Парень махнул рукой и вышел на улицу.

Сейчас прошло уже много лет. Построил тот парень дом, нет ли – не знаю. Только мне кажется, что всё-таки да. Потому что стоит только захотеть…

… Над посёлком опускается ночь. Декабрьский снежок прилипает к окнам, а ветерок позёмкой гуляет по пустым переулкам. Посёлок готовится ко сну, и одна за другой  гаснут  лампочки в запорошенных домах. В наших домах. Потому что очень нужно, чтобы у каждого из нас был свой дом, в котором тебе обязательно зажгут свет и накормят наваристыми щами. И неважно, откуда ты пришёл и надолго ли…

Зимник

Устало урча моторами УРАЛЫ идут по «зимнику».

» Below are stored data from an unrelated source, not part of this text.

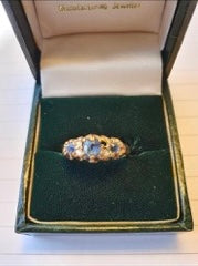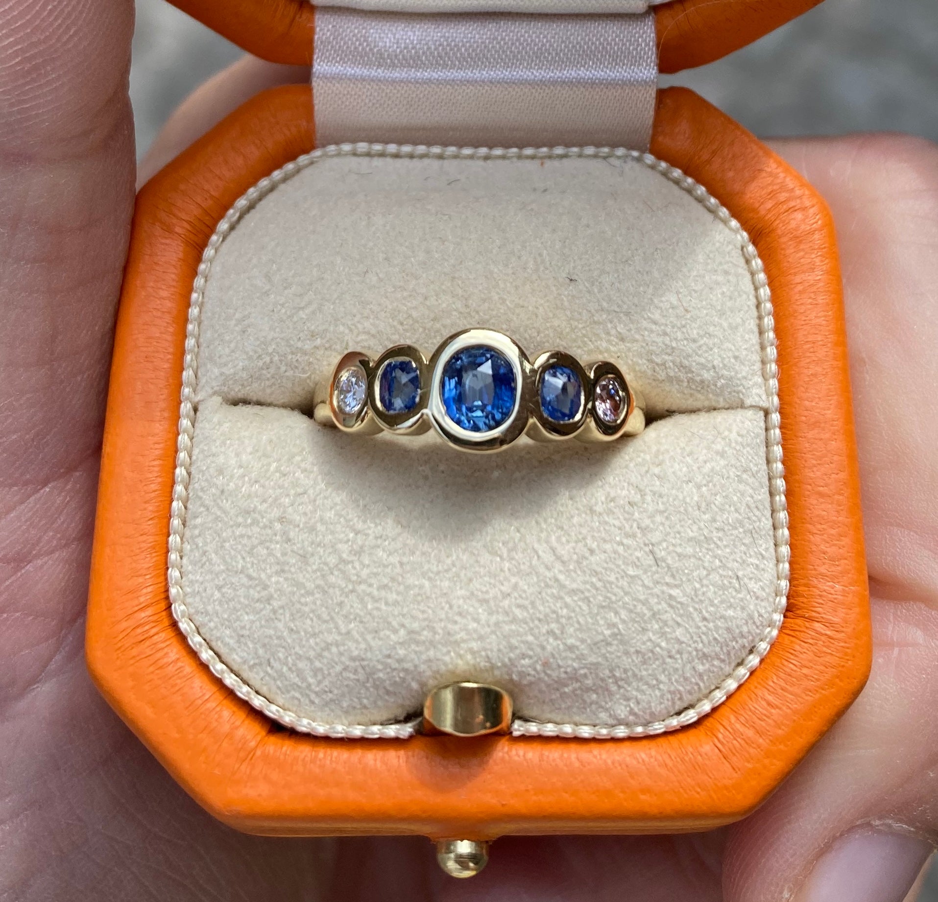 3 Ceylon Sapphires from a client's preloved ring and two round brilliant Diamonds set in a handmade 18 carat gold ring.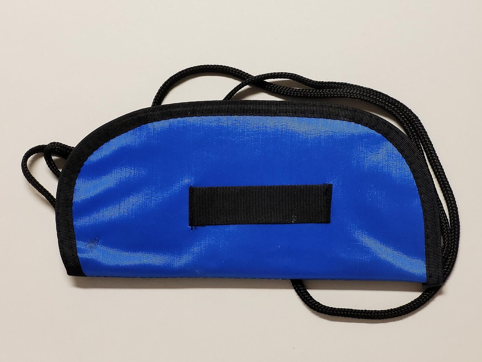 Dolphin blue pouch for eyeglasses or sunglasses. Can be attached to a belt or hung around the neck. Also provides a zippered compartment for keys or coins. White printing: Dolphin Club - logo - San Francisco Fort Point Swim - 1995.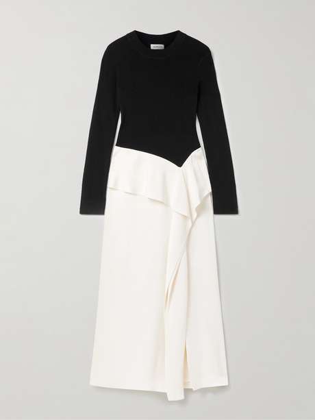 - نسيج محبوك مطاطي باللون الأسود، قماش ساتان باللون العاجي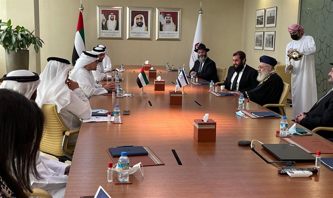 Later on Sunday, HaRav Yosef met with members of the Emirati royal family and senior government figures, including the Minister of Religious Affairs, the Minister of Tolerance and the Minister of Economic Development.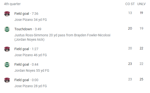 The Rebs dominated the third quarter, turning the game to their favor. By the end of three quarters, UNLV had also totaled 306 yards of offense, while Colorado State had 275.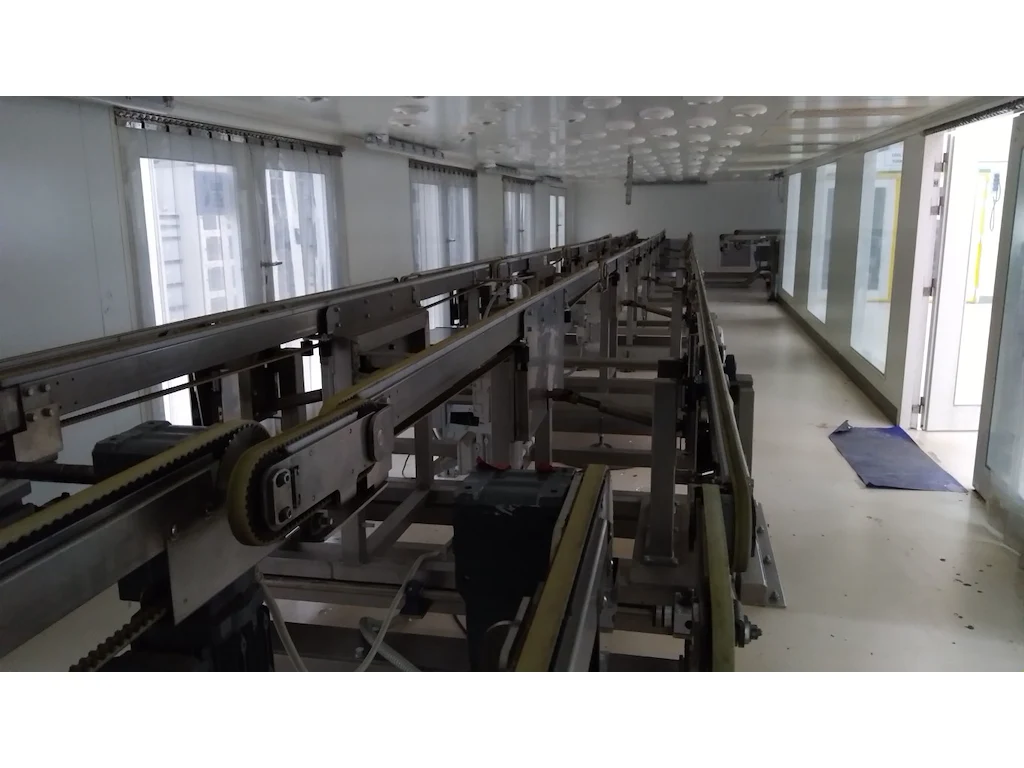 This lot contains the following items:<br /> "CURVED GLASS WASHER - BENTELER 30-3344 YEAR: 2019<br /> LENGTH: 12000, WASHING SECTION: 5000, DRYING SECTION: 7000<br /> GLASS WIDTH: 2500"<br /> CURVED GLASS TRANSPORT BELT CONVEYOR 2500<br /> CURVED GLASS TRANSPORT BELT CONVEYOR 2500<br /> CURVED GLASS TRANSPORT BELT CONVEYOR 2500<br /> CURVED GLASS TRANSPORT BELT CONVEYOR 2500<br /> CURVED GLASS ROTATING BELT CONVEYOR 2500<br /> CURVED GLASS TRANSPORT BELT CONVEYOR 2500<br /> CURVED GLASS TRANSPORT BELT CONVEYOR 2500<br /> <a href="https://drive.google.com/drive/folders/1xU8xQNc1_XToU8SGlvSeiEH7hGaTgByX" target="_blank"><b>Click here to view all photos</b></a>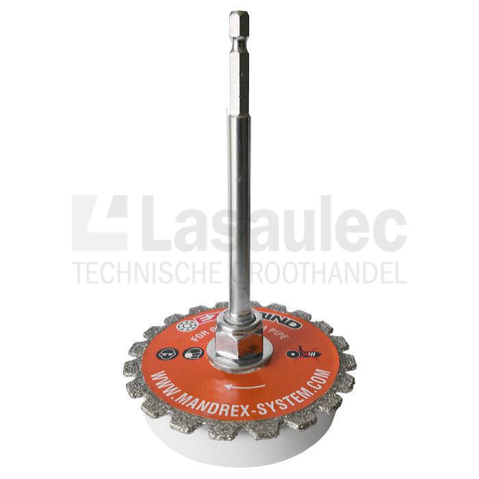 De Mandrex EzyGrind is uw veiligste keuze omdat het werkt met een accu-boormachine, terwijl het zagen van binnenuit de pijp de gebruiker beschermt tegen contact met het diamant gecoate zaagblad.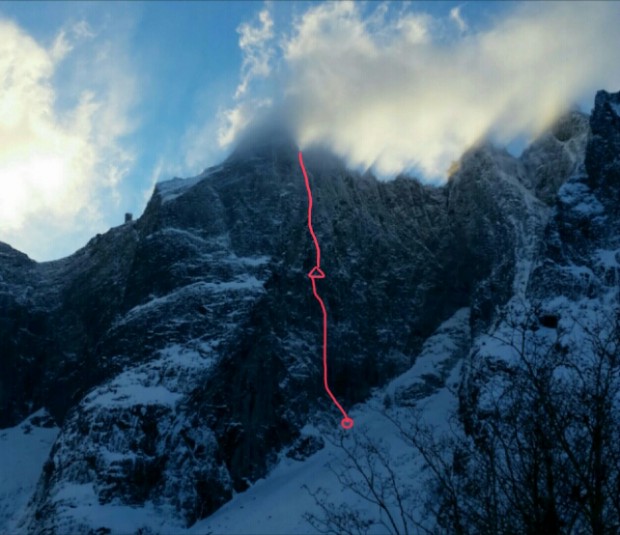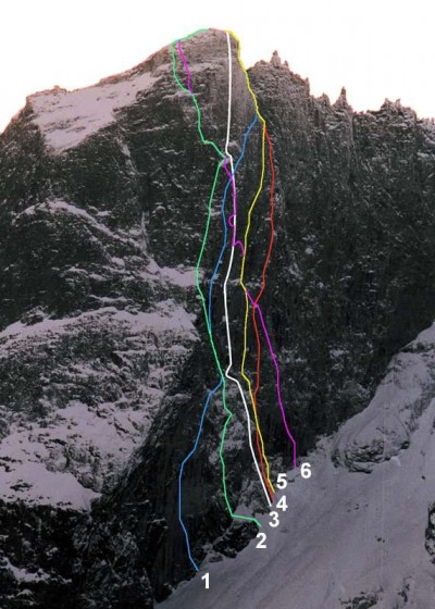 Изкачването бе направено в трудни зимни условия. Стената бе покрита с лед и големи количества сняг. Пукнатините бяха заледени, почти всеки ден падаха прашни лавини. Не мина и без проблеми с газовите машинки и бивачната платформа. Трудностите на маршрута стигаха до A4, най-много въжета бяха A3.

Дорога настолько трудна, что даже не верится, что по ней вообще ходят машины. Маршрут по- сибирским меркам средний. Как у Высоцкого: «Вперёд пятьсот, назад «пятьсот»… Здесь шестьсот, но с учётом такого пути – это неделя времени. За день едва ли восемьдесят километров…

Тайга глухая, какая-то мрачная. Патомское нагорье…

За кабиной стоит жуткий холод. Мороз далеко за пятьдесят, хотя над макушками сопок светит солнце.

Передний автомобиль останавливается. Из него выпрыгивает лихой паренёк. Я забыл, как его зовут.

Знаю только, что он из Иркутска.

– Что, граждане!,– весело кричит он и натягивает на уши спортивную шапочку, – может, развеселим желудки?!

И хохочет.

Здесь машины ходят в паре. Или в тройке. Одному никак нельзя! Места глухие, дремучие. Как говорят, до ближайшей заимки триста километров. Многих отважных одиночек находили  на этом  «зимнике» недалеко от автомобилей. Застывших, пытающихся, видимо, согреться возле потухших уже костерков. Страшно! Заглох мотор, сломался и …всё. Жги соляру, жги колёса, а потом? По глубокому снегу трудно собирать сушняк. Но главное – страх и одиночество. Это пересиливает всё! Притупляется чувство воли, постепенно накапливается усталость. Наваливается дремота, а с ней, ох, как трудно сладить!

…В каждой машине по газовой горелке. Запас хлеба и консервов. Пока готовим обед,  издалека приближаются оленьи нарты. На них молодой якут, одетый настолько тепло, что невольно начинаешь ему завидовать.

– Здрасти!

– Здрасти! – мужики хитро щурятся, оглядывая якута,– мясо есть?

–Есть, однако!, – гость смотрит внимательно, а потом вдруг спрашивает:

– Водка, сигареты есть?

Идёт натуральный обмен, без которого не мыслят жизни местные аборигены.

– Зовут как?

– Вовка!

– А можно, Вовка, тебя на фотоаппарат снять? Вместе с оленями?

– Можно! С Вовкой всегда можно, однако!

После фотосессии якут плюхается в нарты, и они быстро исчезают за ближайшей сопкой.

Пока шофера доедают обед, я брожу по окрестностям таёжной речки. И вдруг!

З анесённый снегом холмик. Из него торчит отёсанный кол. Старый, почерневший. Подхожу ближе. О, боже!

Сейчас трудно воспроизвести надпись, выцарапанную ножом. Где-то буквы уже разъедены трещинами, но смысл я понял:

«…Здесь покоится казак Его Императорского Величества(не разобрать)… Зверски убит бандитами в 1887 году…(остальное не прочитать).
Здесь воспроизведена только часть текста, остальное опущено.